#### WHAT TO DO:
Your copy should start at the line with "CANDELABRO LED TRIPLE" and end at the line with "活泼好动的小朋友像生机勃勃的" in the data below. Transcribe only those lines, exactly, pictures excluded.

#### SUPPLIED MATERIAL:
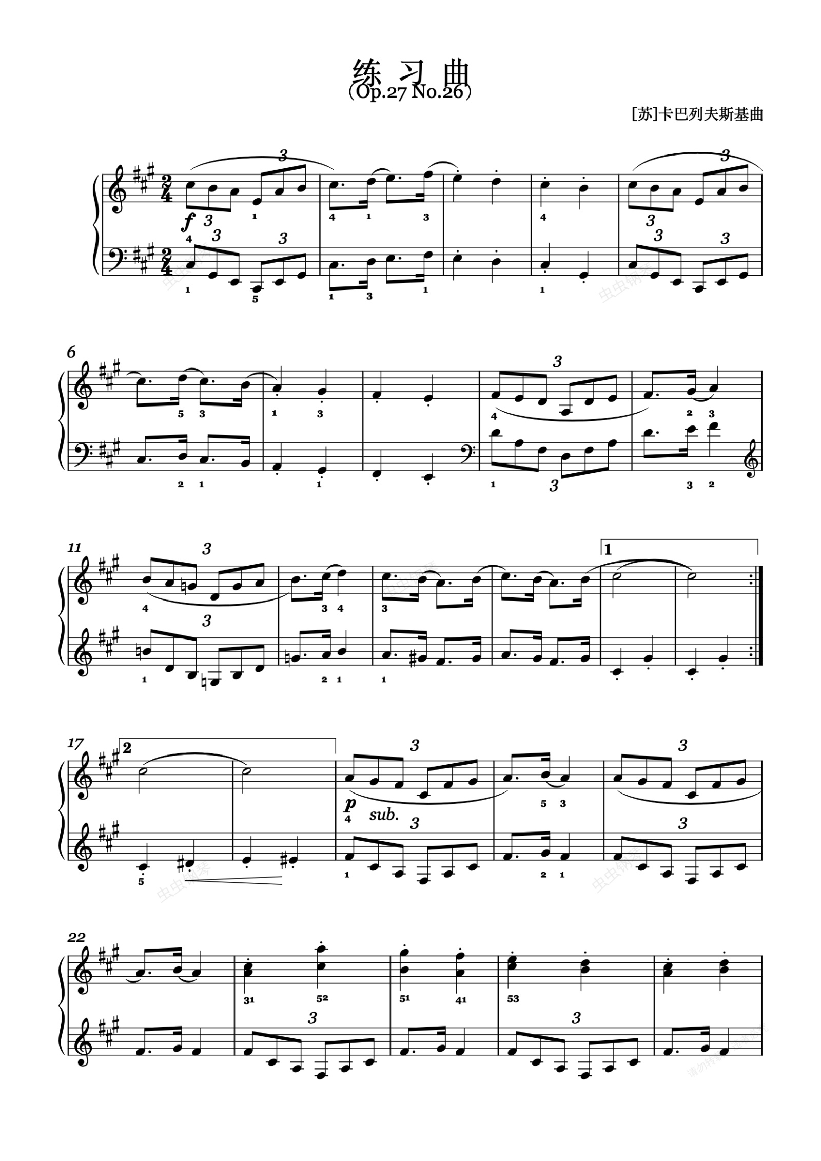 钢琴谱:7.练习曲Op.27 No.26 卡巴列夫斯基曲
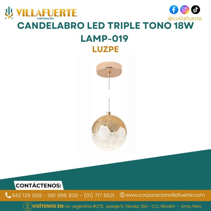 CANDELABRO LED TRIPLE TONO 18W LAMP-019 LUZPE
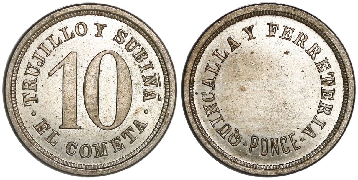 Ponce, Puerto Rico, copper-nickel 10 centavos token, no date (late 1800s), El Cometa (de) Trujillo y
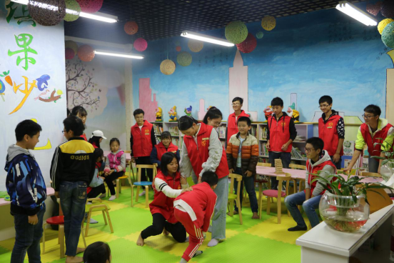 活泼好动的小朋友像生机勃勃的春天,是生命的代名词。完成沙画过后,小朋友们和志愿者们玩起了“爱的抱抱”和“1、2、3木头人”,抱抱的时候,一双一双的小手紧牵着,像连环扣紧锁着,像七条彩虹彼此融合着不分离。“1、2、3木头人”“不许动”使劲憋笑的孩子们乖乖地停住手中的动作,像坚定的石头一动不动。玩着游戏的孩子们是最洒脱的,他们享受着游戏里的快乐,让心张开薄似沙的翅膀,羽翼在悄悄丰满着。
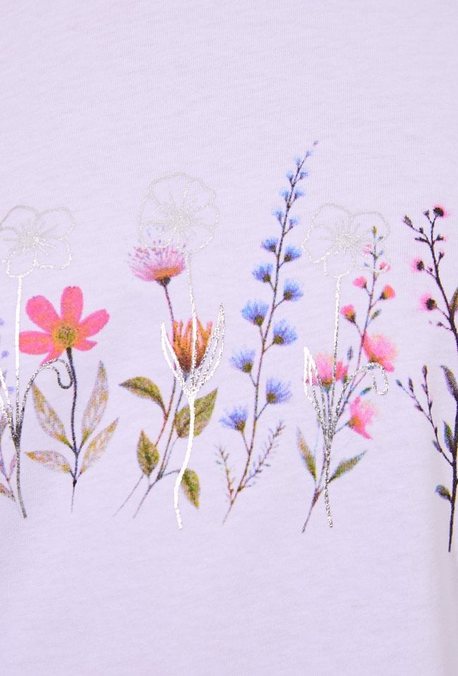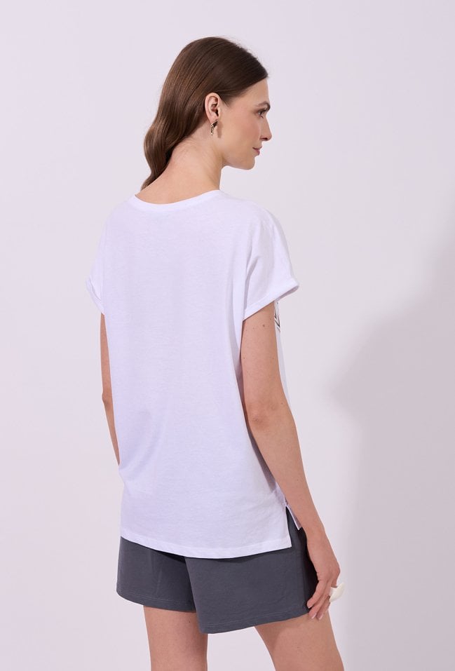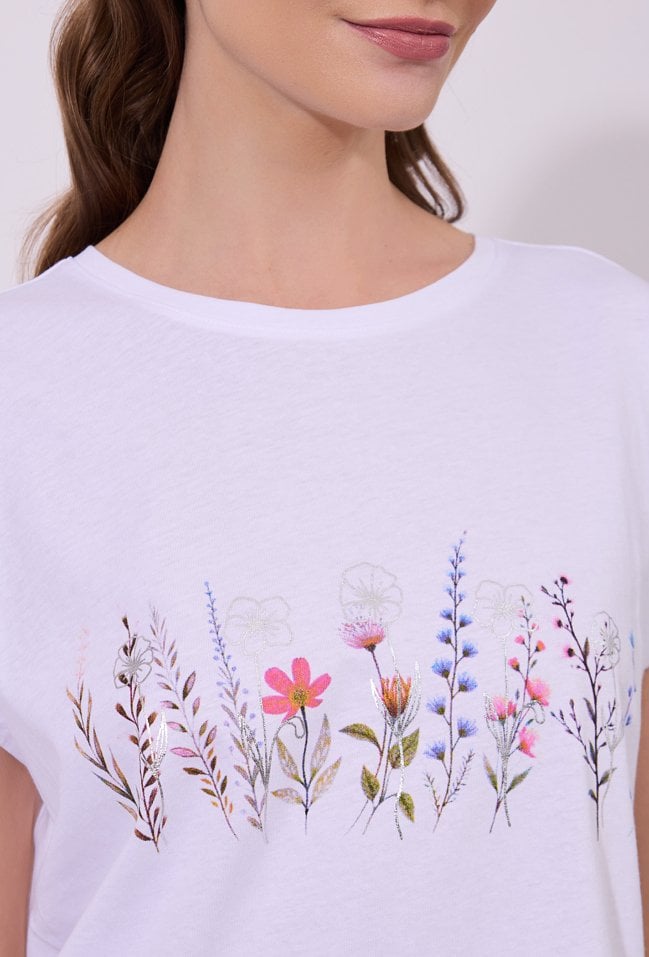 T-shirt damski o luźnym, komfortowym kroju z krótkim rękawem. Model z klasycznym, półokrągłym dekoltem. Z przodu znajduje się delikatny nadruk z motywem roślinnym, dodający stylizacji lekkości i kobiecego uroku. Modelka na zdjęciu ma 177 cm wzrostu i prezentuje rozmiar S.
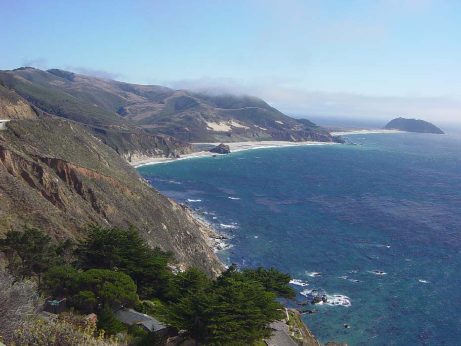 That concluded my tour of Monterey and Carmel, so I stopped for lunch (there are no fast food places here, only expensive restaurants where hamburgers cost $10 and you don't really want to know what a fountain drink costs). Once I paid the tourist tax, I moved on along Route 1, which was finally not a freeway anymore. Here's a picture of the early part of the route, where some fog has come in briefly, but you can see the blue sky past it.
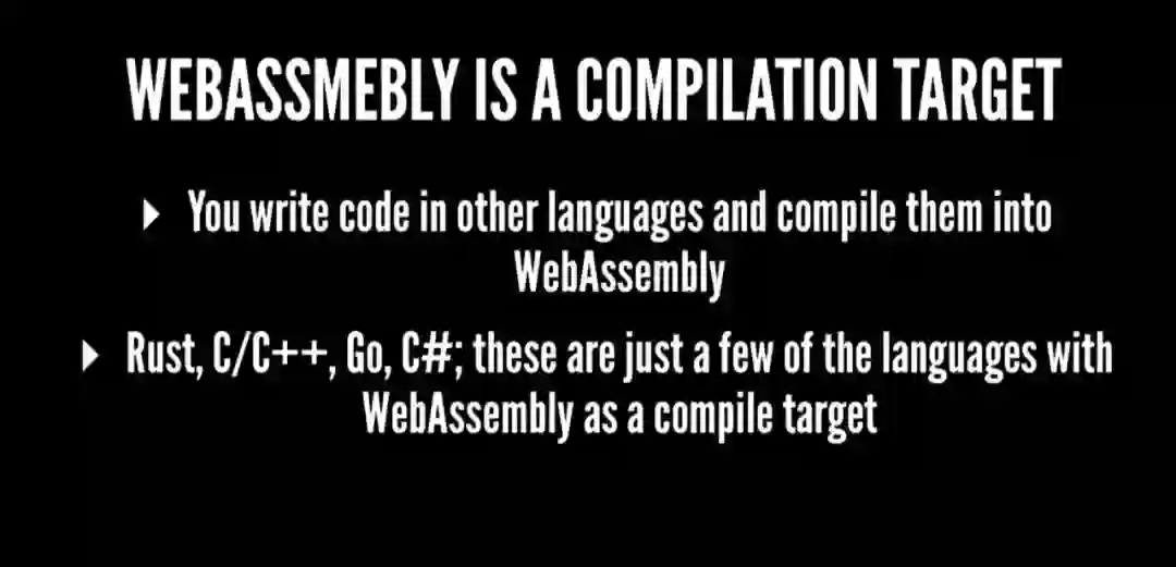 它为其他语言提供编译服务,你可以将其他语言编译成 WebAssembly,它是一种规范(类似于 jvm 支持的 class 字节码)和要编译成的目标文件类型。

#### SOLUTION BELOW:
 CANDELABRO LED TRIPLE TONO 18W LAMP-019 LUZPE
 Ponce, Puerto Rico, copper-nickel 10 centavos token, no date (late 1800s), El Cometa (de) Trujillo y
 活泼好动的小朋友像生机勃勃的春天,是生命的代名词。完成沙画过后,小朋友们和志愿者们玩起了“爱的抱抱”和“1、2、3木头人”,抱抱的时候,一双一双的小手紧牵着,像连环扣紧锁着,像七条彩虹彼此融合着不分离。“1、2、3木头人”“不许动”使劲憋笑的孩子们乖乖地停住手中的动作,像坚定的石头一动不动。玩着游戏的孩子们是最洒脱的,他们享受着游戏里的快乐,让心张开薄似沙的翅膀,羽翼在悄悄丰满着。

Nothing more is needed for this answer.